Source records
__________
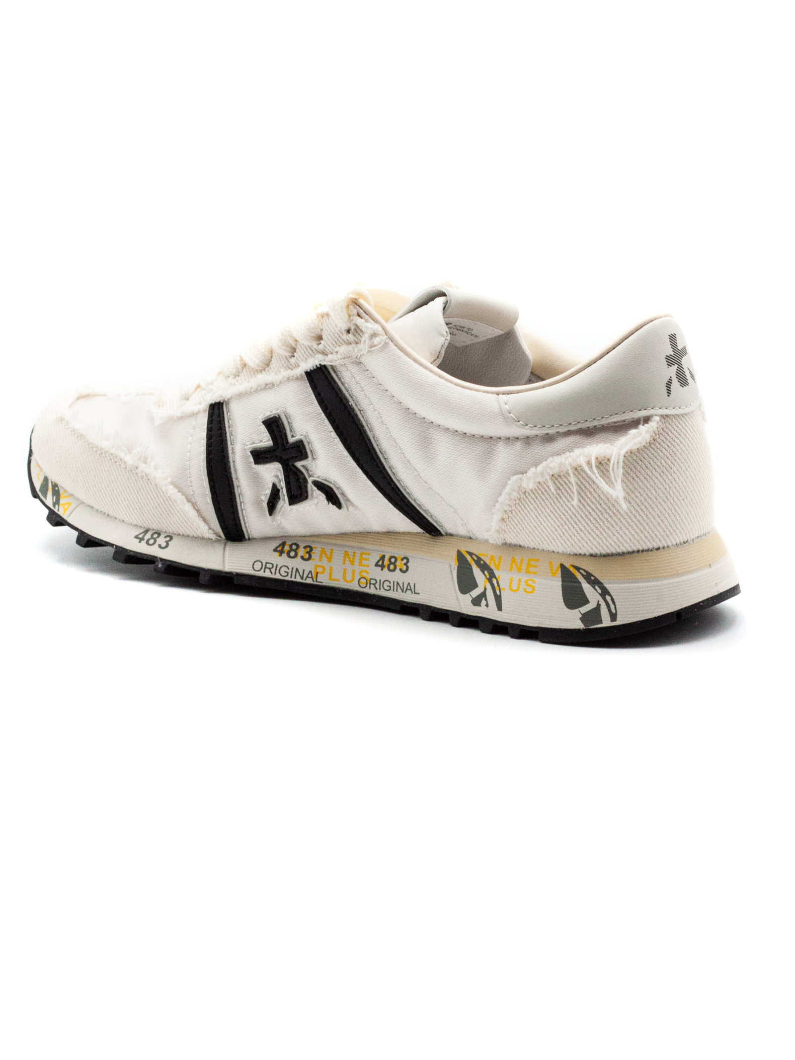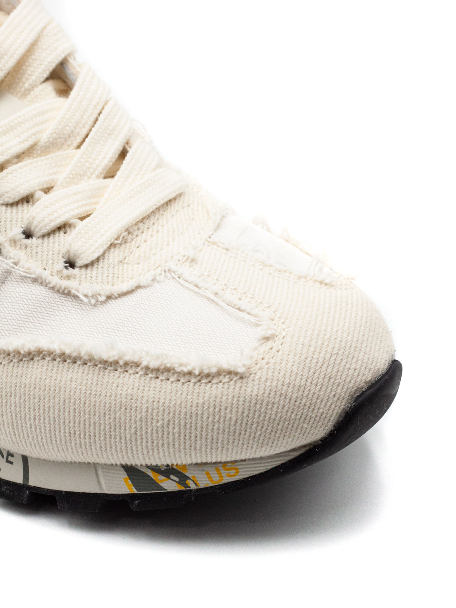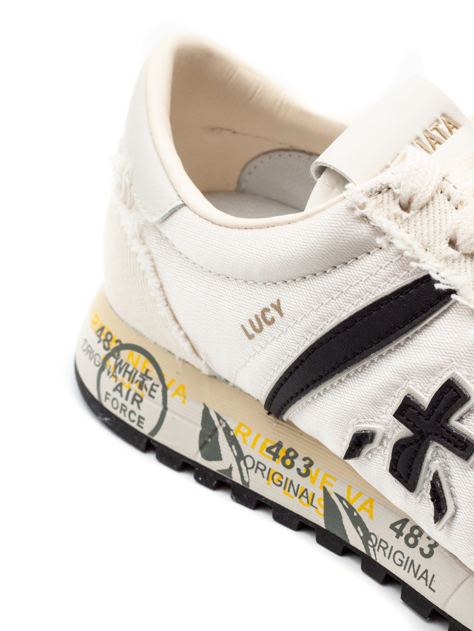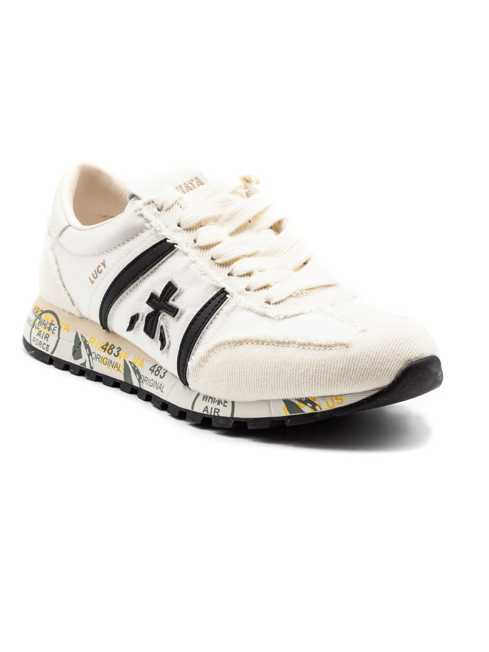 Sneakers Lucy in tessuto e cotone bianco con dettaglio logo laterale, chiusura frontale con lacci, imbottitura nella caviglia, soletta con logo, punta tonda, Altezza Suola 3 cm
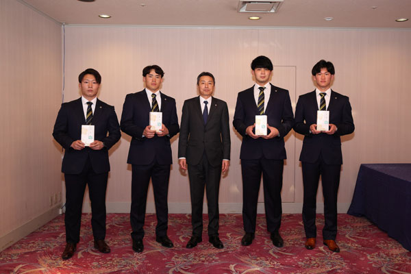 21日(金)、今年成人式を迎えた井上広大選手、及川雅貴選手、遠藤成選手、藤田健斗選手へ百北幸司代表取締役社長より記念品が贈呈されました。
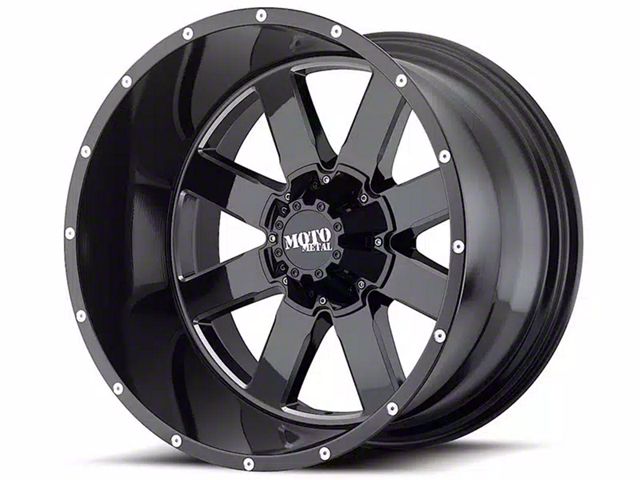 The 20x12 Moto Metal MO962 Gloss Black Milled 8-Lug Wheel is given a gloss black finish to keep the wheel looking as sharp as its design. This wheel's milled steel accents are really where it shines through, and quite literally. It makes the split section of the spokes pop along the faux beadlock.
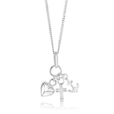 A treasure of fine detailing and strong symbolism, this Sterling Silver Faith Hope Charity Pendant is a wonderful addition to any outfit. The sterling silver craftsmanship exudes a timeless glow with unbeatable strength. With a heart, cross and anchor pendant all secured onto one necklace, this piece showcases extreme versatility and individuality. The pendant is complete with a reflective polished shine that catches the light from every angle. Whether you purchase the pendant as a gift or a treat for yourself, this accessory will offer happiness and good luck to the wearer.
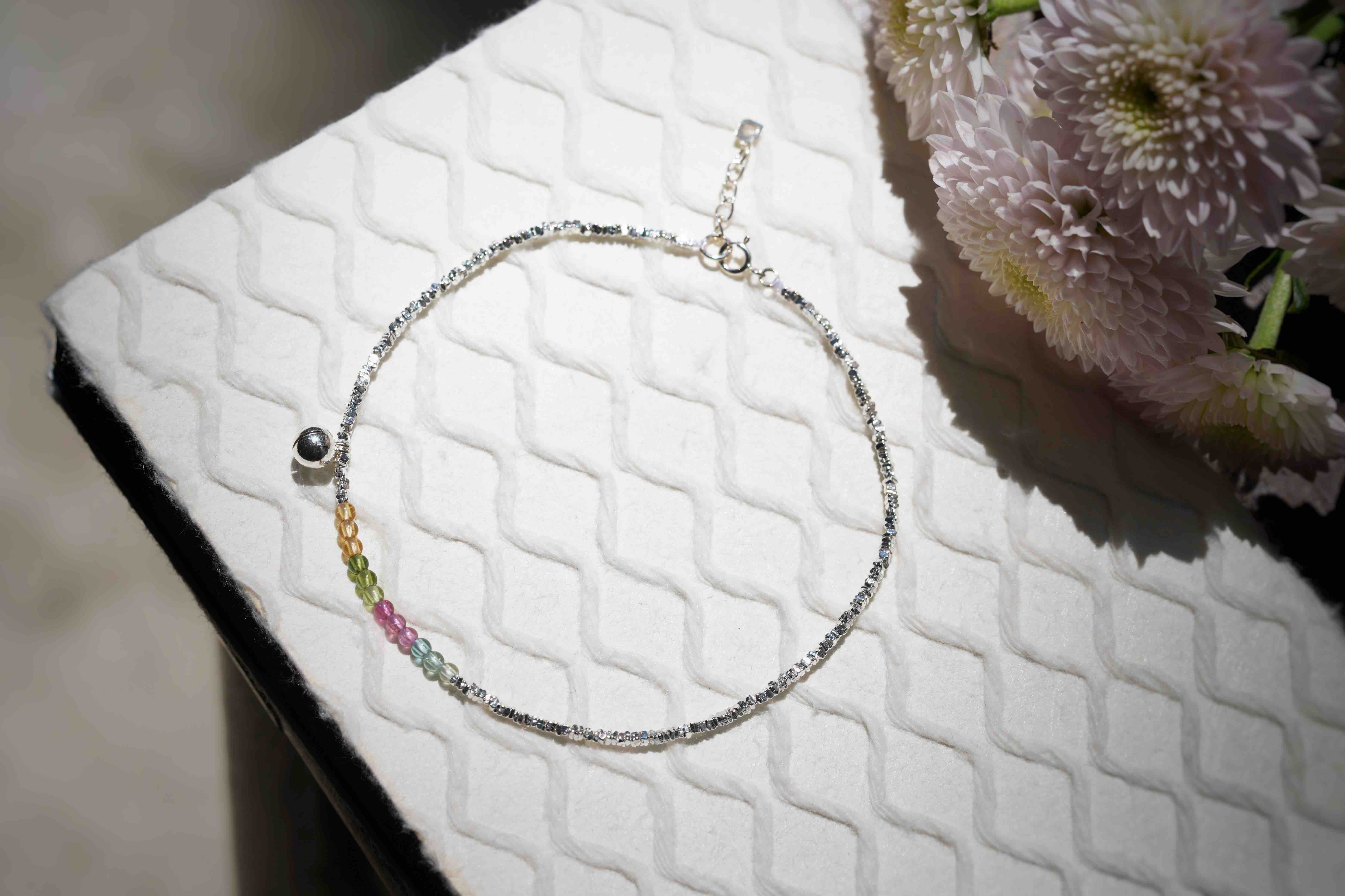 炎炎夏日,脚链终于来了我们用糖果碧玺打造了彩虹的视角
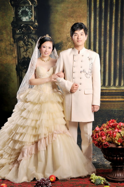可怜我160的身高和130的体重,礼服助理很委婉的表达了上述含义,但也不能便宜了这些黑心的资本家,我确着头皮选了一套白纱,
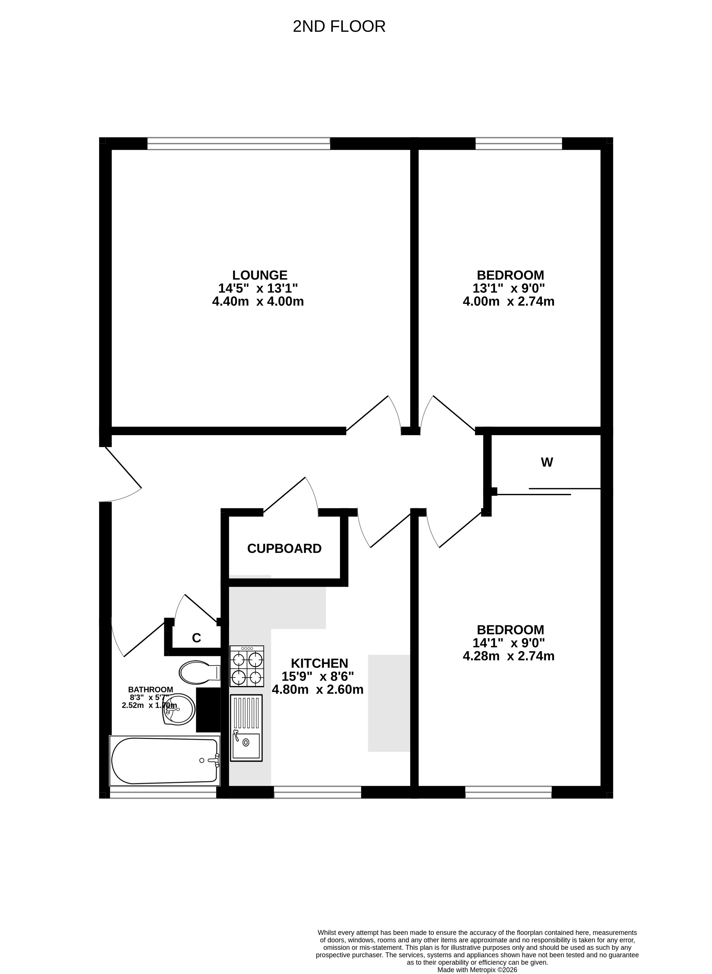 The accommodationcomprisesan entrance hall with all accommodation leading off, a good-sized lounge,kitchen with integrated hob, oven and extractor, plumbing for a washing machine and space for a fridge freezer, two double bedroomsandbathroom.
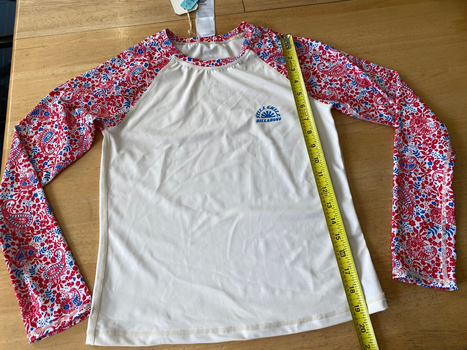 как выглядит BILLABONG Rash Guard Swim Top Girls Youth 14 White w/ Red/Blue Print Long Sleeve фото
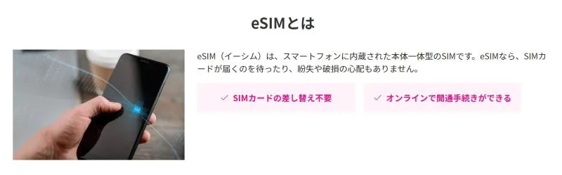 物理SIMですと小さいSIMカードなので差し替えにも苦労しますが、eSIMであればSIMを差し替える煩わしさもありません。
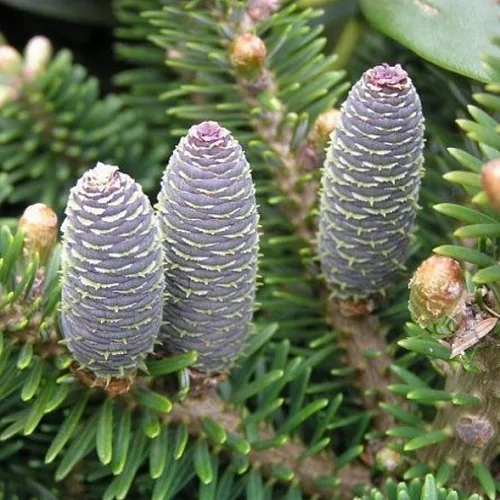Пихта корейская Molly - карликовый сорт корейской пихты с пышной конусообразной кроной, достигает в высоту до 4 м и 3 м в диаметре. Хвоя короткая, 2-3 см в длину, мягкая, двухцветная: сверху темно-зеленая и глянцевая, снизу серебристая за счет двух продольных полосок. Шишки длинной до 5 см, сине-фиолетового цвета, направлены вверх. Кора красно-коричневая, шероховатая (в молодости серая и гладкая). Сорт используют в одиночных и групповых посадках в озеленении городских парковых зон, приусадебных участков. Эта пихта может стать живым рождественским украшением в небольшом саду, на опушке. Живет до 300 лет.
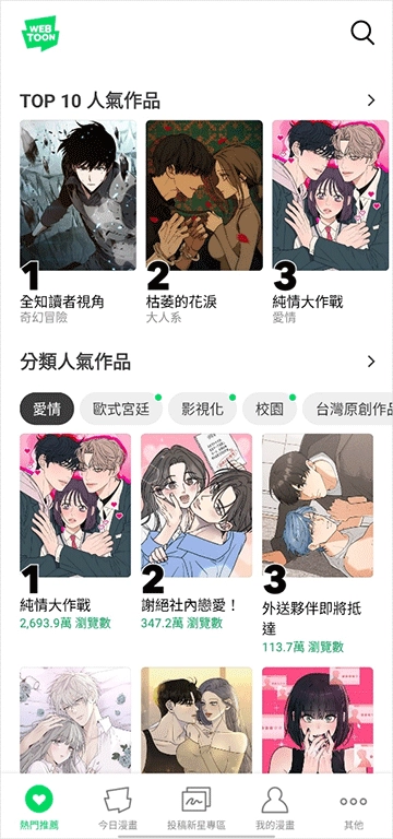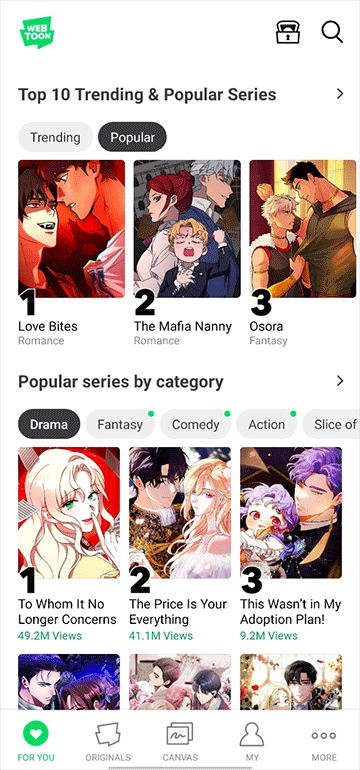 探索全球最大的网络漫画库,这里涵盖了动作、爱情、惊悚等各种各样的题材。
__________
§ Task objective
Leave out the images and write out the lines above exactly, from the one with "The 20x12 Moto" up to and including the one with "可怜我160的身高和130的".

§ Answer to the exercise
 The 20x12 Moto Metal MO962 Gloss Black Milled 8-Lug Wheel is given a gloss black finish to keep the wheel looking as sharp as its design. This wheel's milled steel accents are really where it shines through, and quite literally. It makes the split section of the spokes pop along the faux beadlock.
 A treasure of fine detailing and strong symbolism, this Sterling Silver Faith Hope Charity Pendant is a wonderful addition to any outfit. The sterling silver craftsmanship exudes a timeless glow with unbeatable strength. With a heart, cross and anchor pendant all secured onto one necklace, this piece showcases extreme versatility and individuality. The pendant is complete with a reflective polished shine that catches the light from every angle. Whether you purchase the pendant as a gift or a treat for yourself, this accessory will offer happiness and good luck to the wearer.
 炎炎夏日,脚链终于来了我们用糖果碧玺打造了彩虹的视角
可怜我160的身高和130的体重,礼服助理很委婉的表达了上述含义,但也不能便宜了这些黑心的资本家,我确着头皮选了一套白纱,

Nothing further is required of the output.